Fra Bartolommeo and the Vision of Saint Bernard: An Examination of Savonarolan Influence
By Stephanie Tadlock
Master’s Thesis: University of Maryland, 2005
Abstract: Fra Bartolommeo was considered one of the finest High Renaissance painters from the late fifteenth-century to the beginning of the twentieth-century, but there has been a void in recent scholarship regarding his contributions to the period. A staunch supporter of Savonarola, his works are largely religious in nature. Following the taking of his vows, it is believed that Fra Bartolommeo intended to permanently retire from painting.

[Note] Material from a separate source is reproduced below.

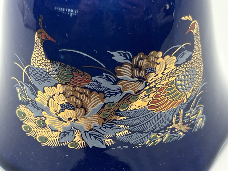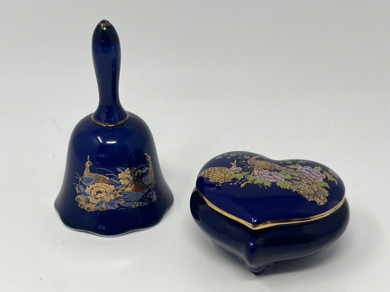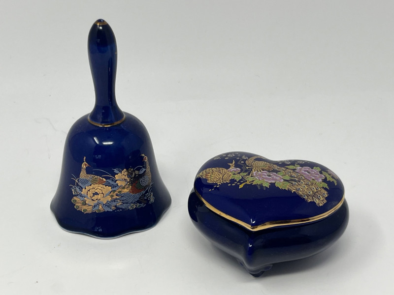 Pair of decorative cobalt blue porcelain pieces featuring intricate gilt and multicolor designs. The lot includes a small bell with a white ceramic clapper and a lidded heart‑shaped trinket box. Both pieces display detailed peacock and chrysanthemum-style decoration with bright gold accents. Underside mark on the box reads Japan, consistent with mid‑ to late‑20th‑century export porcelain. Surfaces show crisp, well-preserved artwork with vibrant color and reflective gilt. No noted chips or cracks. Suitable for collectors of Japanese export porcelain, cobalt decorative ware, or small vanity and display pieces. Includes

The Vision of Saint Bernard was the first painting executed by Fra Bartolommeo after his four-year retirement. At first glance, it is a typical depiction of a theme popular in Florence during the late fifteenth and early sixteenth-centuries. However, a reading of this image in connection with Fra Bartolommeo’s mentor Savonarola, suggests the friar decided to return to his former vocation in order to promulgate Savonarolan ideas.
Introduction: Fra Bartolommeo was regarded as one of the most important artists of the High Renaissance from the late fifteenth-century to the beginning of the twentieth-century, rivaling the reputation of contemporaries like Raphael. The nineteenth-century English poet Walter Savage Landor said he would give 1000 English pounds for Raphael’s Transfiguration but ten times that amount for Fra Bartolommeo’s St. Mark, testifying to the status of the friar at the time. However, interest in Fra Bartolommeo has waned since the early twentieth-century.